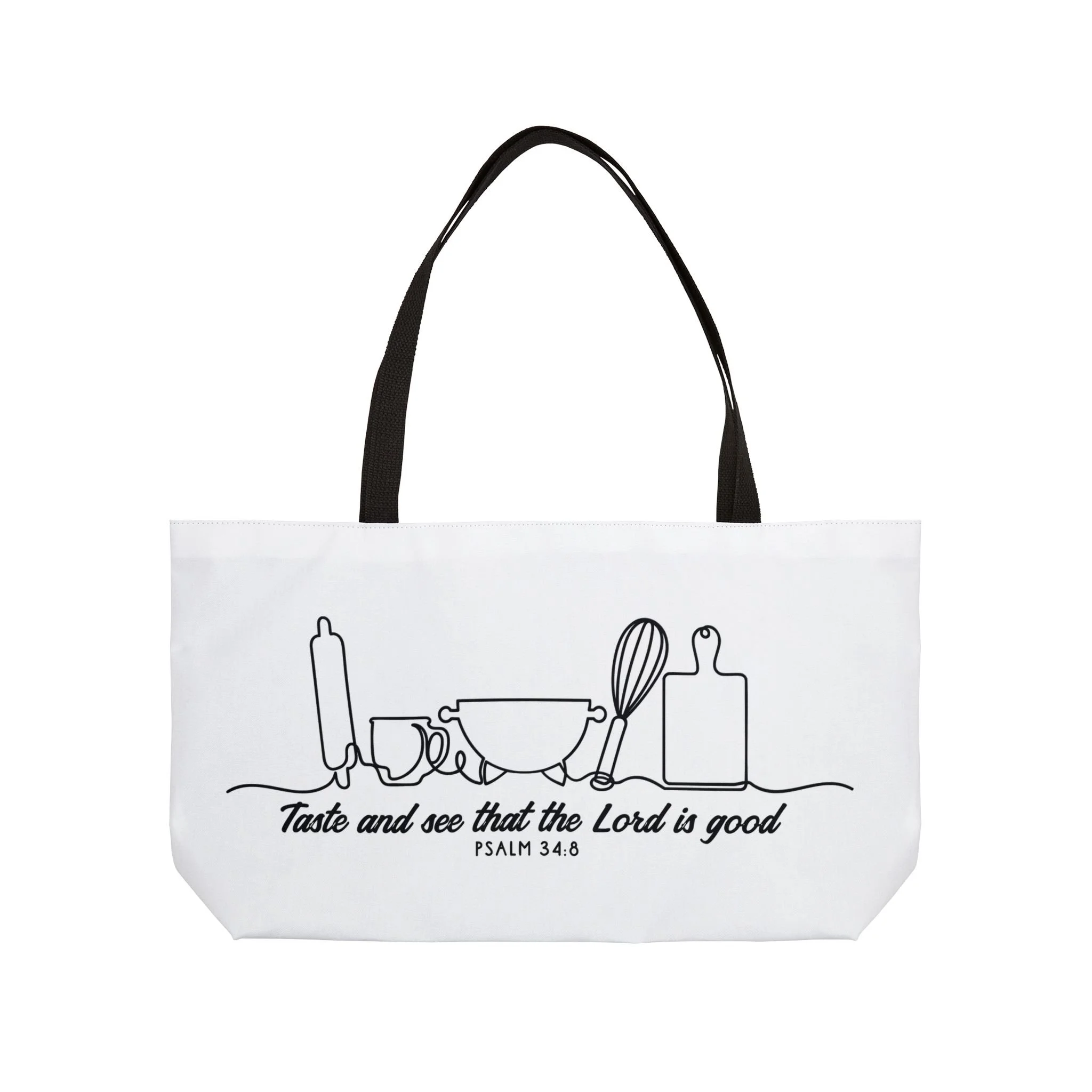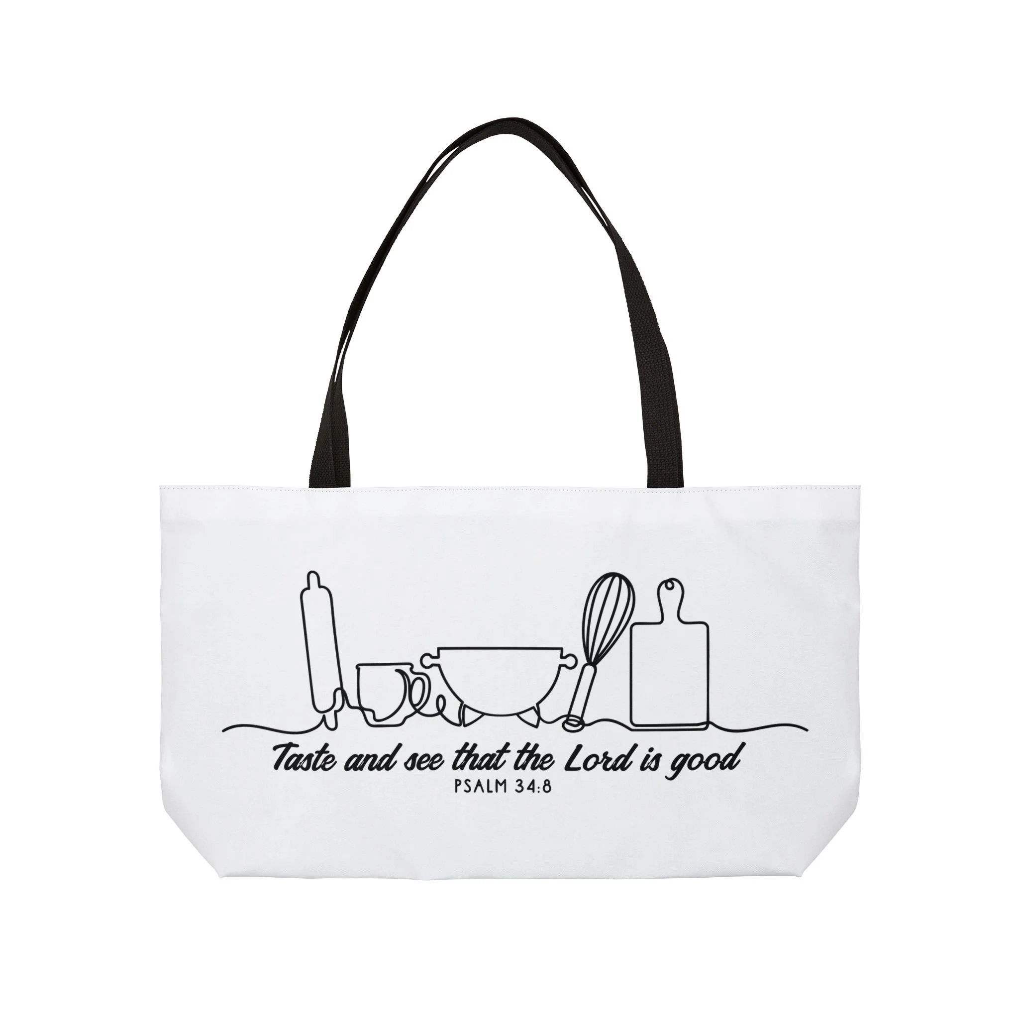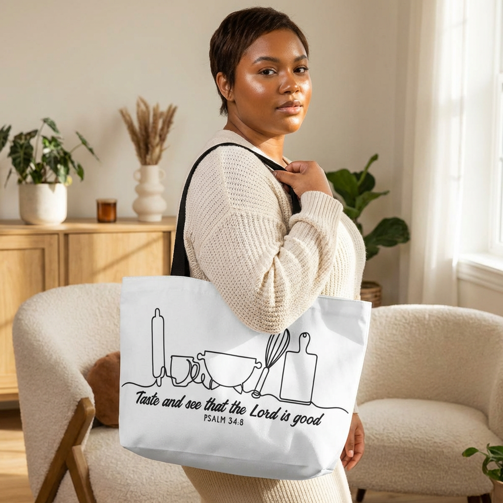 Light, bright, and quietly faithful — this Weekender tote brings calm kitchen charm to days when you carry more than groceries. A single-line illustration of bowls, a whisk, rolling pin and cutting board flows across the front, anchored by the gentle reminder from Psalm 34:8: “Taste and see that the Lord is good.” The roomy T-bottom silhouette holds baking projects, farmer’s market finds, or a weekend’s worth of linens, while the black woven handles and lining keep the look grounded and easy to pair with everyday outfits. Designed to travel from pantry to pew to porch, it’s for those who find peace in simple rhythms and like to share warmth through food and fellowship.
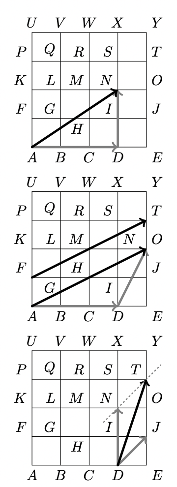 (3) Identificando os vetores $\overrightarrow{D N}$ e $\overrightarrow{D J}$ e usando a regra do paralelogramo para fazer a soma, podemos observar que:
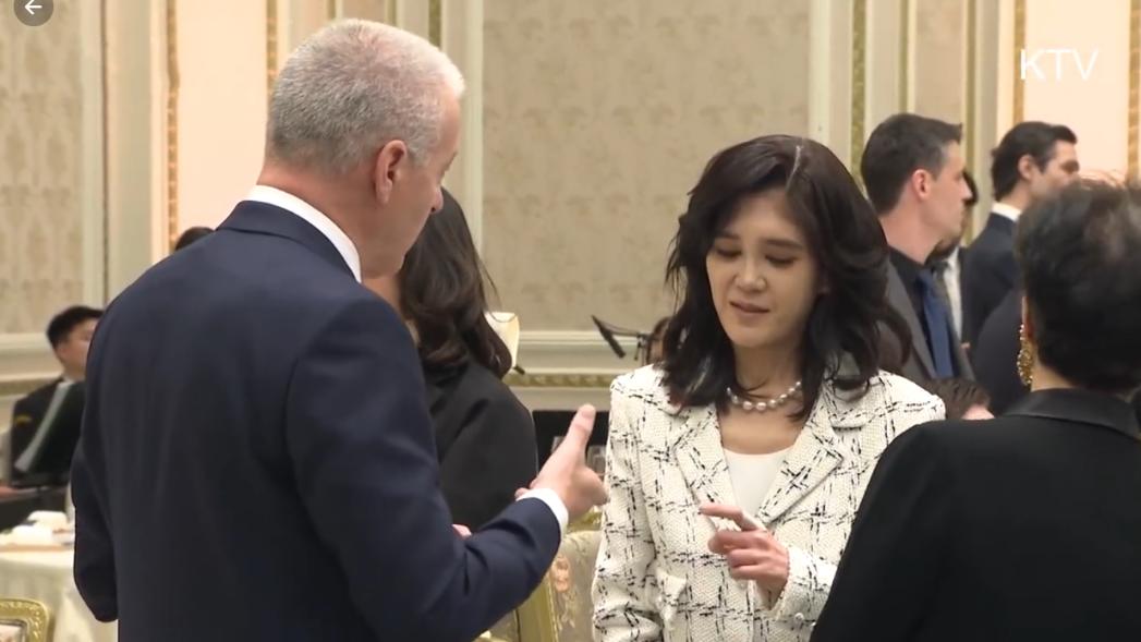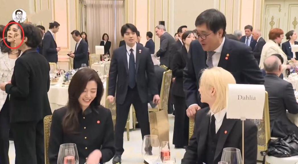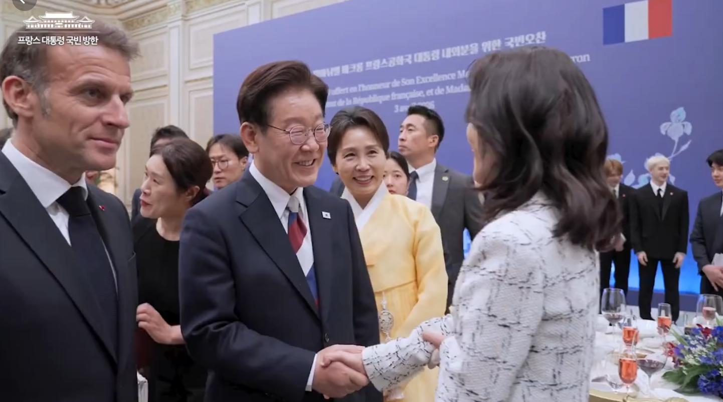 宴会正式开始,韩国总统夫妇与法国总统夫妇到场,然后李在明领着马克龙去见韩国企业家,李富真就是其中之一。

.....

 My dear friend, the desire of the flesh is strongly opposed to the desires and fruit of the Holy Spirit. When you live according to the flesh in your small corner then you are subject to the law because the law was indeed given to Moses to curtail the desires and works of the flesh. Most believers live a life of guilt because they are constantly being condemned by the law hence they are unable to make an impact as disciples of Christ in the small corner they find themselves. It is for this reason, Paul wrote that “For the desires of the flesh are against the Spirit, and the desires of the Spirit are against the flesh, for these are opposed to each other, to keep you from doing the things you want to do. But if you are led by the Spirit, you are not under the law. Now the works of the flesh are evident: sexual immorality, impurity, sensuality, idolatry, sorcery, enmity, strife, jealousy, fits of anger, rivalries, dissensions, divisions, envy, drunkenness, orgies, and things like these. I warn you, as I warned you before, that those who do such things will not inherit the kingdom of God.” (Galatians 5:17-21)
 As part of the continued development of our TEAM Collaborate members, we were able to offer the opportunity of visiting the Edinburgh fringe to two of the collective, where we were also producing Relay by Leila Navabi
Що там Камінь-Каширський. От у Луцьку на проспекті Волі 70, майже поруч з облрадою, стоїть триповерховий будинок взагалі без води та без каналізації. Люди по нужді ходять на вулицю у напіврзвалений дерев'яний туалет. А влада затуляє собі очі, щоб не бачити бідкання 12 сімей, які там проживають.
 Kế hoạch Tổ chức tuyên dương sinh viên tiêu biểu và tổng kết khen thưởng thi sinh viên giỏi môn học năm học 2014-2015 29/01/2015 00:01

.....

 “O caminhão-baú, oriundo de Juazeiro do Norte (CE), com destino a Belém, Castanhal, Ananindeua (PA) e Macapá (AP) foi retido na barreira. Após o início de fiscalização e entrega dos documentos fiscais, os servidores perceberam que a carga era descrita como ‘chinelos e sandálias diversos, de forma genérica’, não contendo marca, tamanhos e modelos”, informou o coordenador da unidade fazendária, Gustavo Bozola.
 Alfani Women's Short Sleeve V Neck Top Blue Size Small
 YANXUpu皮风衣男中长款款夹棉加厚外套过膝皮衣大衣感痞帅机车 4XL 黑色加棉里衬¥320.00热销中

.....

- [Task to carry out]
Reproduce the listing above only between the lines holding "(3) Identificando os" and "宴会正式开始,韩国总统夫妇与", inclusive. Every line must match exactly, and pictures are dropped.

- [Task answer]
 (3) Identificando os vetores $\overrightarrow{D N}$ e $\overrightarrow{D J}$ e usando a regra do paralelogramo para fazer a soma, podemos observar que:
 宴会正式开始,韩国总统夫妇与法国总统夫妇到场,然后李在明领着马克龙去见韩国企业家,李富真就是其中之一。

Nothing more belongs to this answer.